Assigned task —
Return exactly the lines of the entries that start at the line containing "kiinteät valaisimet |" and continue to the last line. Omit the pictures.
*** Raw data ***
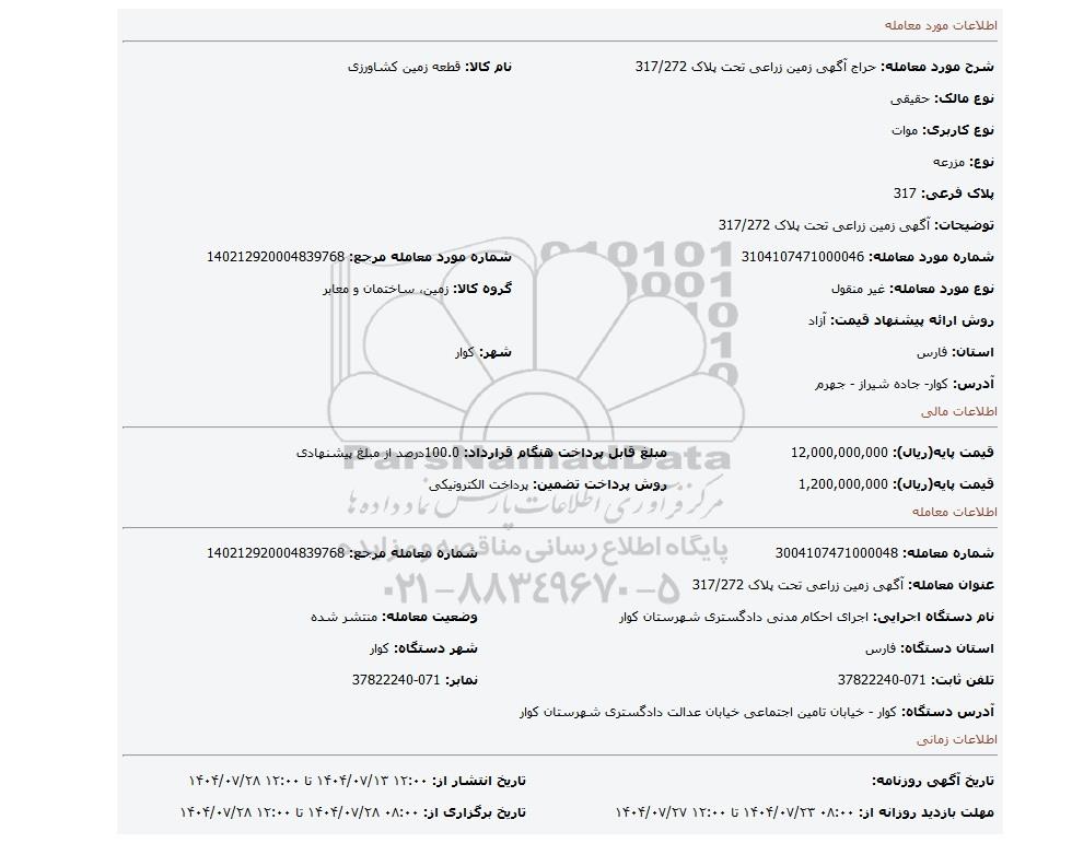 مزایده، آگهی  زمین  زراعی  تحت  پلاک  317/272
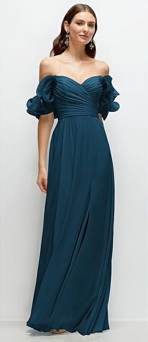 Off-the-Shoulder Basque Neck Maxi Dress with Flounce Sleeves in atlantic blue
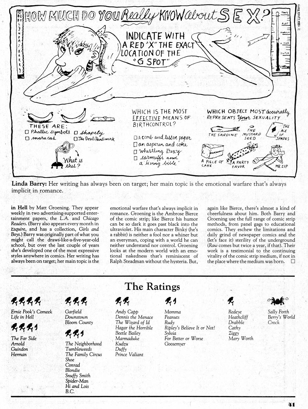 My first exposure to Lynda Barry was in The Comics Journal #92:
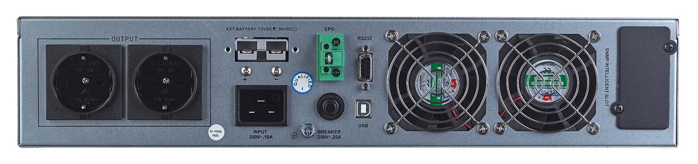 - Формфактор RM (2U) - ИБП устанавливается в стандартную 19"-и дюймовую стойку;
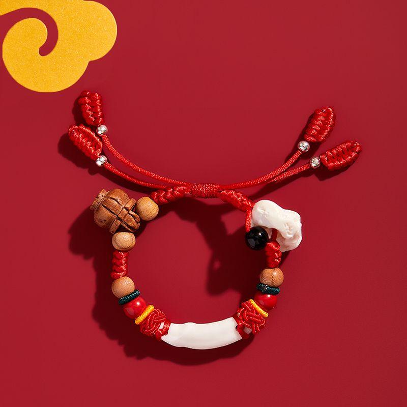 Ханчжоу Детский Красный Веревочный Браслет Эссенция Кости Поросенка Персиковое Дерево Защита Тела Шнурок для Ношения Судорожная Кость Поросенка Собачий Клык Персиковая Корзина Подвеска 2025 Dog tooth peach basket (0-6 months 10cm)
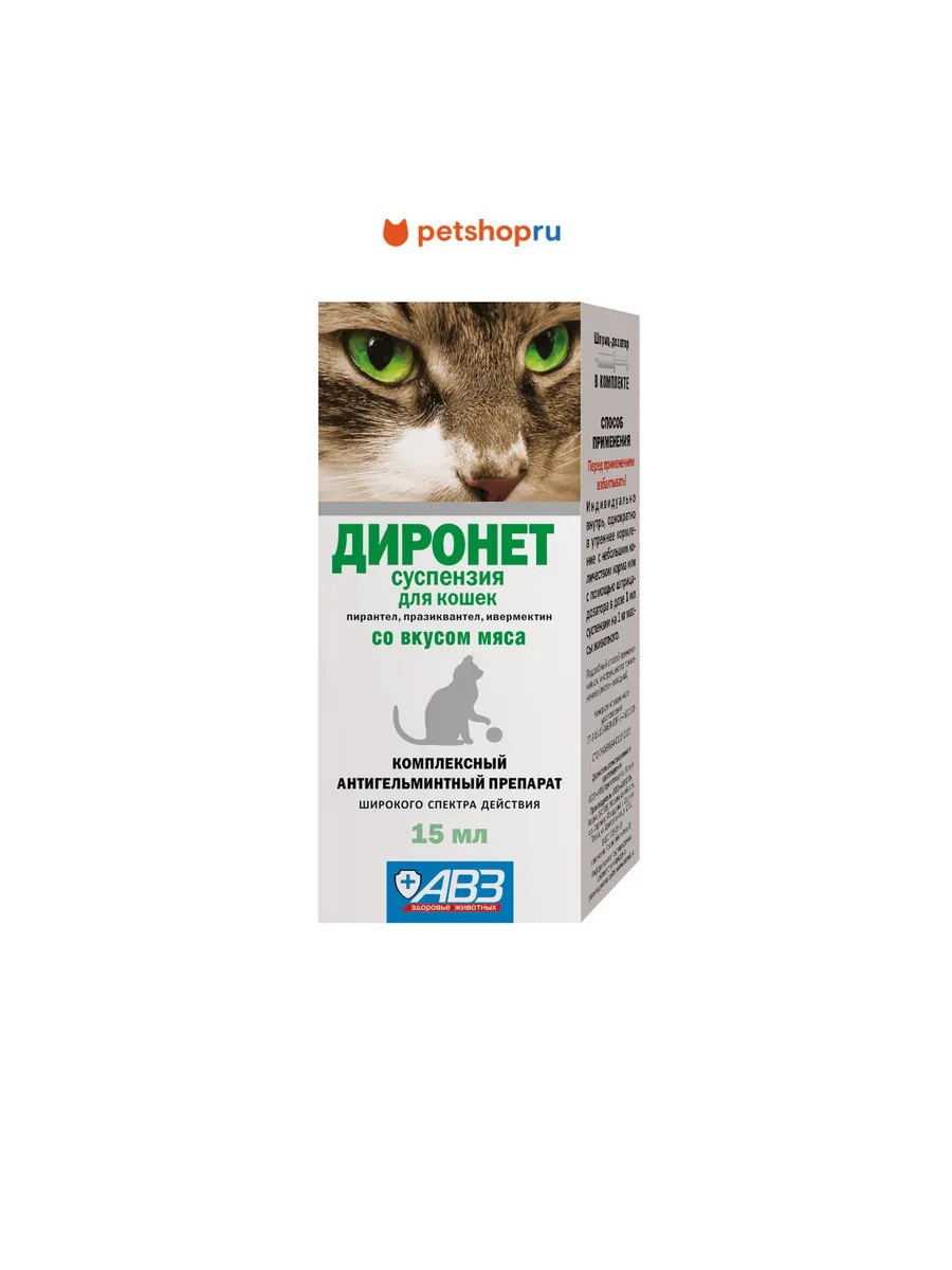 ДИРОНЕТ суспензию применяют кошкам для лечения и профилактики нематодозов желудочно-кишечного тракта (токсокароз, токсаскариоз, унцинариоз, анкилостомоз, трихоцефалез) и цестодозов (тениоз, дипилидиоз, эхинококкоз, дифиллоботриоз, мезоцестоидоз), а также для профилактики дирофиляриоза.
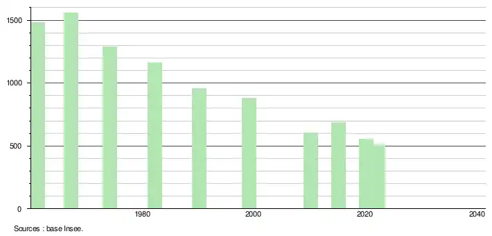 - ↑ Population municipale de référence en vigueur au 1er janvier 2025, millésimée 2022, définie dans les limites territoriales en vigueur au 1er janvier 2024, date de référence statistique : 1er janvier 2022.
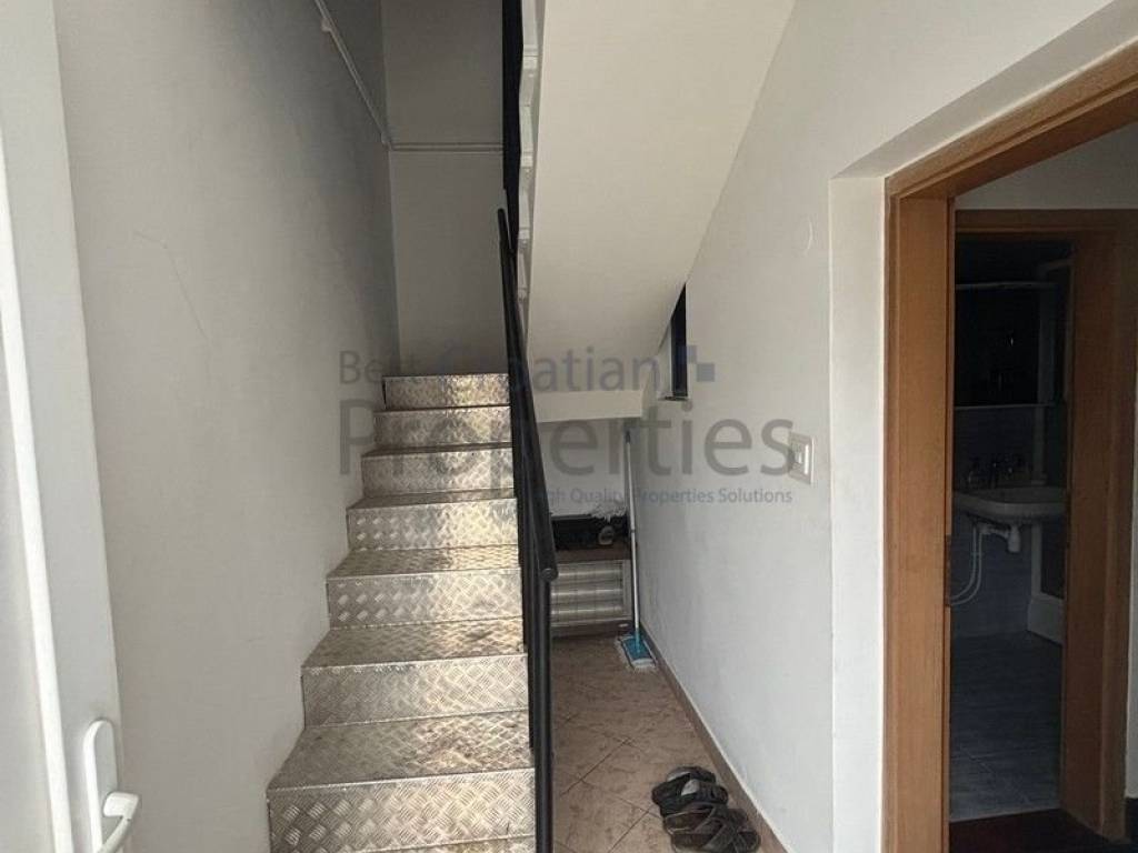 Unutarnje stepenice vode na kat, gdje se nalaze tri sobe (dvije spavaće i dnevna), hodnik, mala kuhinja, kupaona i velika terasa od 30m2.
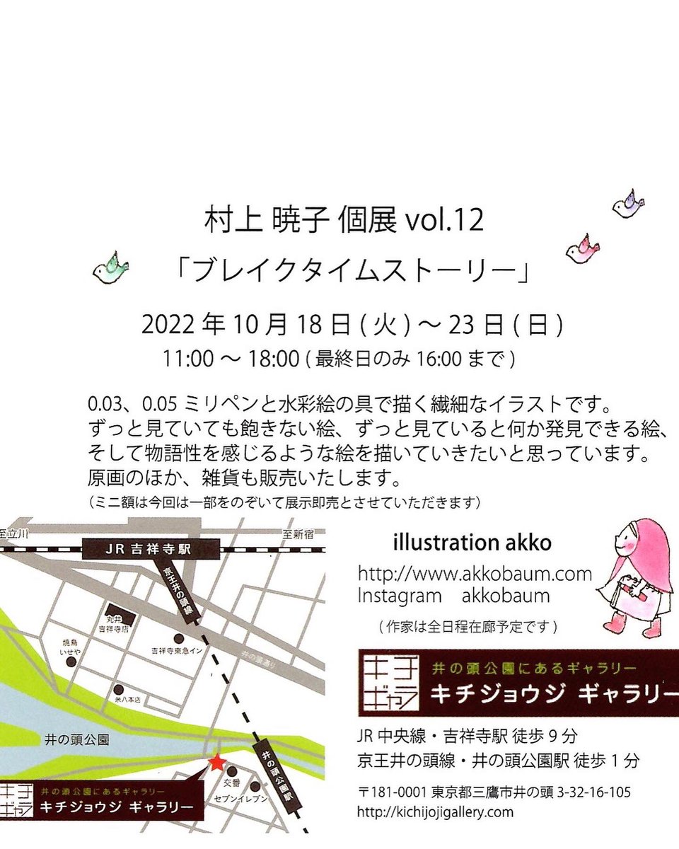 🌳村上暁子 個展 vol.12🌳 「ブレイクタイムストーリー」 キチジョウジギャラリー kichijojigallery.com 2022年 10月18日(火)〜23日(日) 11:00〜18:00(最終日16:00まで) #キチジョウジギャラリー #イラスト個展 #井の頭公園 #水彩画 #ミリペン #イラストレーター
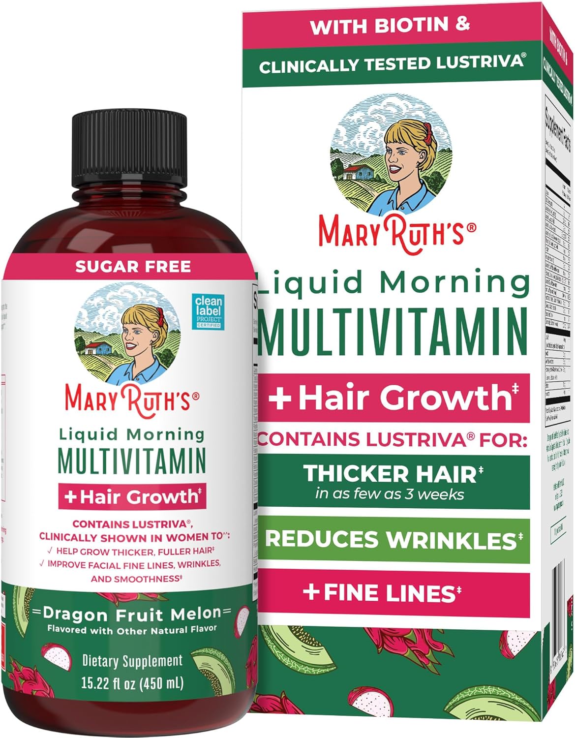 MARYRUTH'S Liquid Multivitamin+Hair Growth | Biotin 10000mcg | Lustriva Hair Growth Supplement | Clinically Tested in Women for Thicker Hair&Facial Wrinkle | Skin Care | Ages 18+ | 15.22 Fl Oz
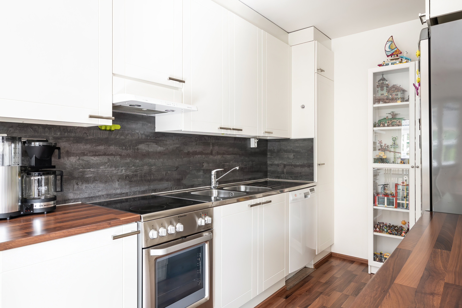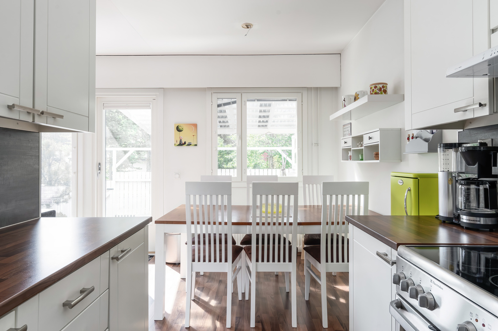 | Keittiön kuvaus | Liesi (Keraaminen liesi), työtasot (laminaatti), seinät (maali), lattiat (laminaatti), astianpesukone, liesituuletin, jääkaappipakastin ja kiinteät valaisimet |
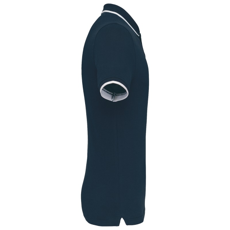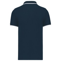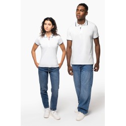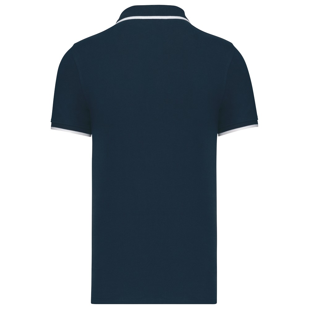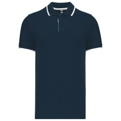 100% coton piqué. Col en bord-côte : liserés dessus et dessous de col contrastés (sauf White/ Navy : pas de contraste sous le col, seulement un liseré fin rouge sous la patte de boutonnage). Bande de propreté contrastée à l'encolure et aux fentes côtés. Patte de boutonnage col avec dessous fantaisie et 2 boutons. Bord-côte avec liseré contrasté au bas de manches. Finition double aiguille au bas du vêtement. Le col, renforcé à l'arrière, peut se porter relevé ou baissé.
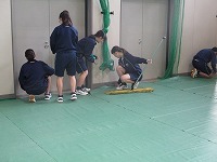 本日から、卒業式の練習が始まります。写真は、会場の体育館準備の様子です。
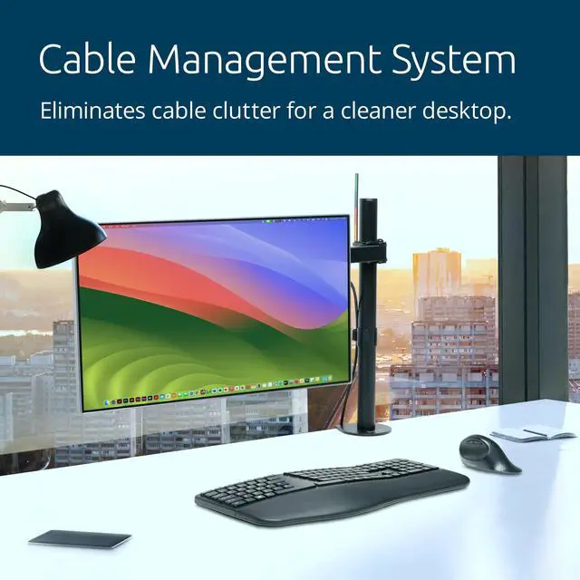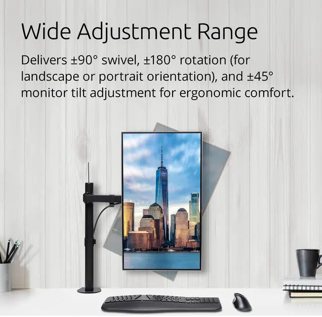 The SmartFit® system makes finding the right height for maximum comfort as easy as 1-2-3. Simply match your hand size to the color on the provided chart, set the height to your color, and you're done. Wide adjustment range delivers ±90° swivel, ±180° rotation (for landscape or portrait orientation), and ±45° monitor tilt adjustment for ergonomic comfort. Cable management system for clutter free desktop Single. Extendable arm allows upto 15-7/10" distance adjustment. VESA. For monitors up to 17.6 lbs (34"). Includes C-clamp and grommet fastener. Black.
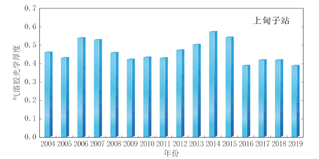 2004~2014年,北京上甸子、浙江临安和黑龙江龙凤山区域大气本底站气溶胶光学厚度(AOD)年平均值波动增加;2015~2019年,均呈明显降低趋势。
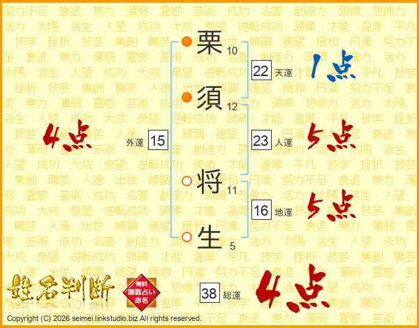 栗須将生さんの総運は38画の4点!
*** End of Raw data ***
Reply —
 | Keittiön kuvaus | Liesi (Keraaminen liesi), työtasot (laminaatti), seinät (maali), lattiat (laminaatti), astianpesukone, liesituuletin, jääkaappipakastin ja kiinteät valaisimet |
 100% coton piqué. Col en bord-côte : liserés dessus et dessous de col contrastés (sauf White/ Navy : pas de contraste sous le col, seulement un liseré fin rouge sous la patte de boutonnage). Bande de propreté contrastée à l'encolure et aux fentes côtés. Patte de boutonnage col avec dessous fantaisie et 2 boutons. Bord-côte avec liseré contrasté au bas de manches. Finition double aiguille au bas du vêtement. Le col, renforcé à l'arrière, peut se porter relevé ou baissé.
 本日から、卒業式の練習が始まります。写真は、会場の体育館準備の様子です。
 The SmartFit® system makes finding the right height for maximum comfort as easy as 1-2-3. Simply match your hand size to the color on the provided chart, set the height to your color, and you're done. Wide adjustment range delivers ±90° swivel, ±180° rotation (for landscape or portrait orientation), and ±45° monitor tilt adjustment for ergonomic comfort. Cable management system for clutter free desktop Single. Extendable arm allows upto 15-7/10" distance adjustment. VESA. For monitors up to 17.6 lbs (34"). Includes C-clamp and grommet fastener. Black.
 2004~2014年,北京上甸子、浙江临安和黑龙江龙凤山区域大气本底站气溶胶光学厚度(AOD)年平均值波动增加;2015~2019年,均呈明显降低趋势。
 栗須将生さんの総運は38画の4点!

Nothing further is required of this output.